I enjoy travel, both to explore how other parts of the world work, and to find new things to point my cameras at. I've always taken lots of photographs on holiday, but as I've moved into digital photography and blogging, I've become both more able and more inclined to keep and share a digital record of my travels.
It started as a way for Frances and I to remember where we have been on holiday, but I now try and keep a more detailed daily blog, with observations about the location, the people, and what worked and what didn't.
It's fun for the two of us to write together when we are travelling together, the "where I've been" information may be of interest to family and friends, but I hope the "what worked" details may be of wider use to other prospective travellers and photographers.
This page acts as an index to my travels, my travel blogs, and my albums of travel images.
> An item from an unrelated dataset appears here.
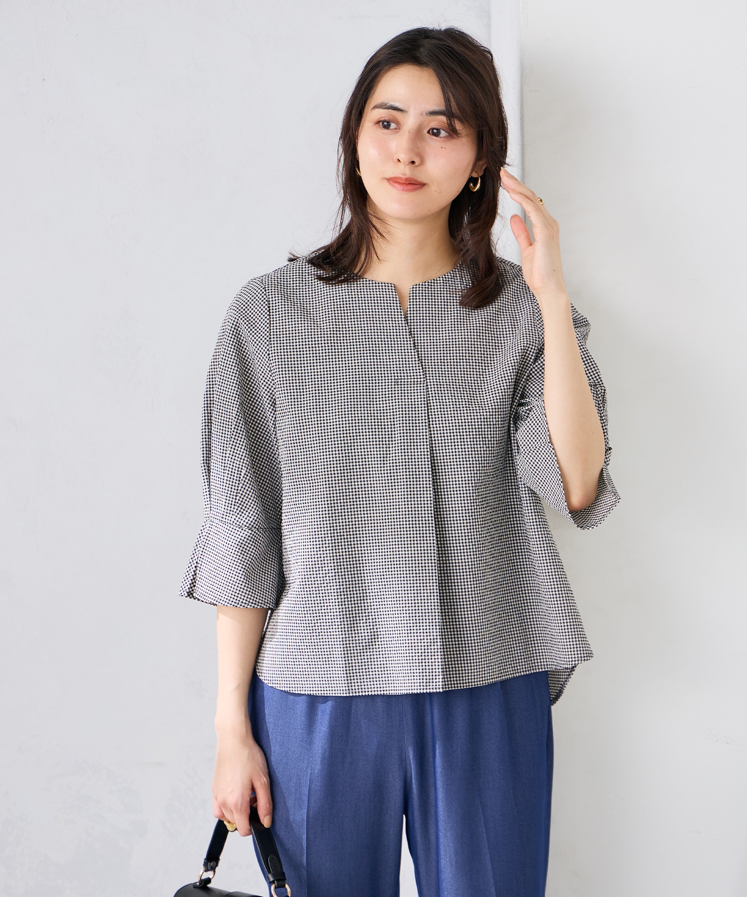 清涼感のあるサッカー素材のスキッパーブラウス。細かいギンガムチェック柄は着回しやすさと着映えを両立◎肌離れの良く暑い時期にも着やすいサッカー素材はこれからの季節に嬉しいアイテム◎お尻が隠れる安心丈で、裾はインしなくても決まるラウンドヘムシルエットです。カラーによって柄が違うのも選べて楽しい◎[ブルー:無地、ライトブルー:ストライプ]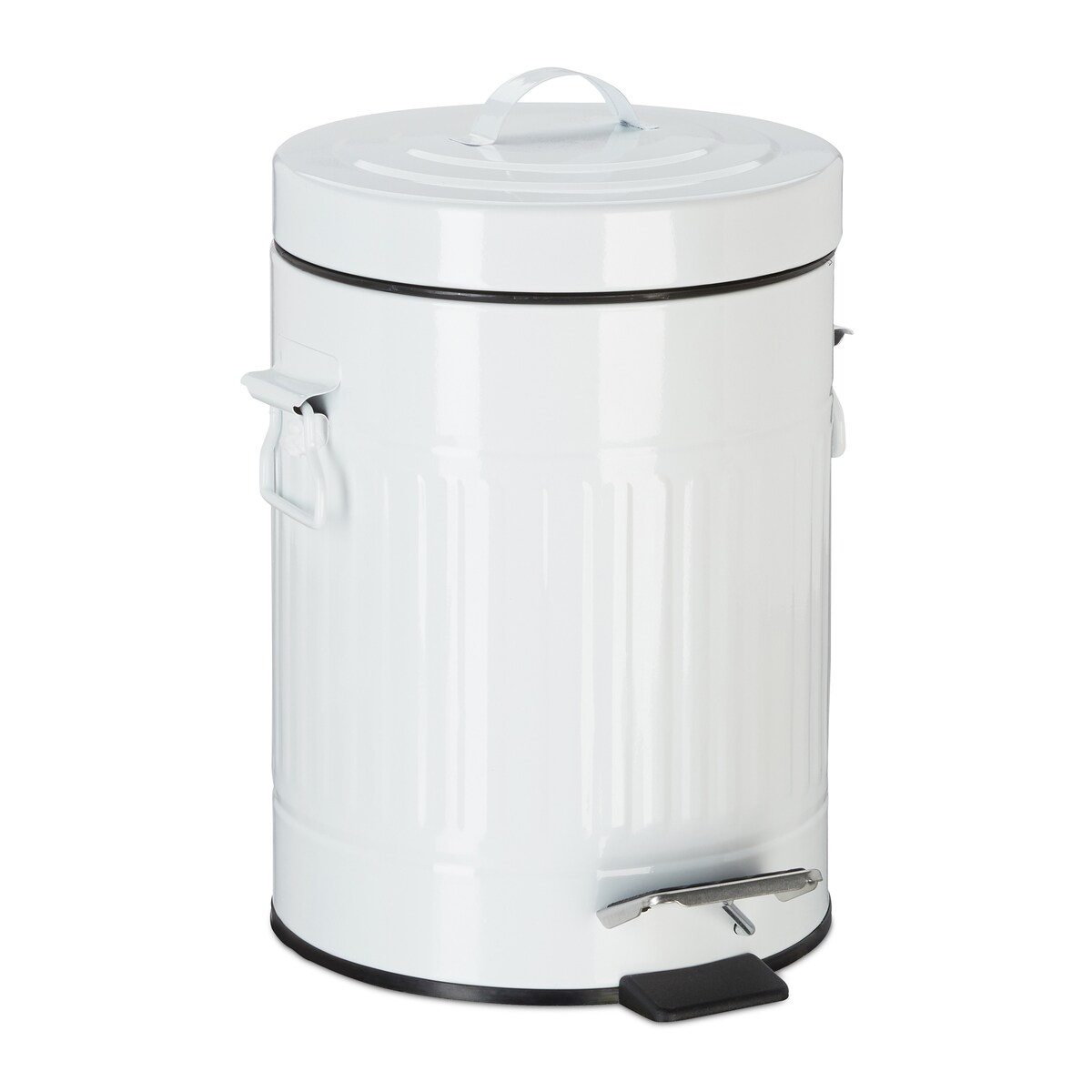 Relaxdays Treteimer Vintage, Abfalleimer für Küche oder Bad, aus Metall, mit Tretfunktion, Kosmetikeimer, 12 Liter Weiß

We've been lucky enough to visit the magical Caribbean island of Barbados several times. While we don't keep a blog for each visit - there's only so much interest you can work into "sat in the sun, had dinner" - as we've got to know it better we have engaged more with the local sporting and cultural events, and there are also always great flora and fauna to point a camera at.
Although there's no blog for individual trips, photos and observations on Barbados do provide occasional themes for my more general blog. To have a look at these items, please read my Barbados blog collection.
In 2019 we finally managed a trip to Hawaii. This had been very long in the planning, as we had to cancel at very short notice in 2016, and it was great to finally implement our plans.
We visited three of the islands: Maui and Kauai for their scenery, and Oahu to see Pearl Harbor and the USS Missouri. The scenery and the organised events absolutely lived up to expectations: I could have spent much more time at some locations, and I got some great photos, especially from my helicopter flight over Kauai.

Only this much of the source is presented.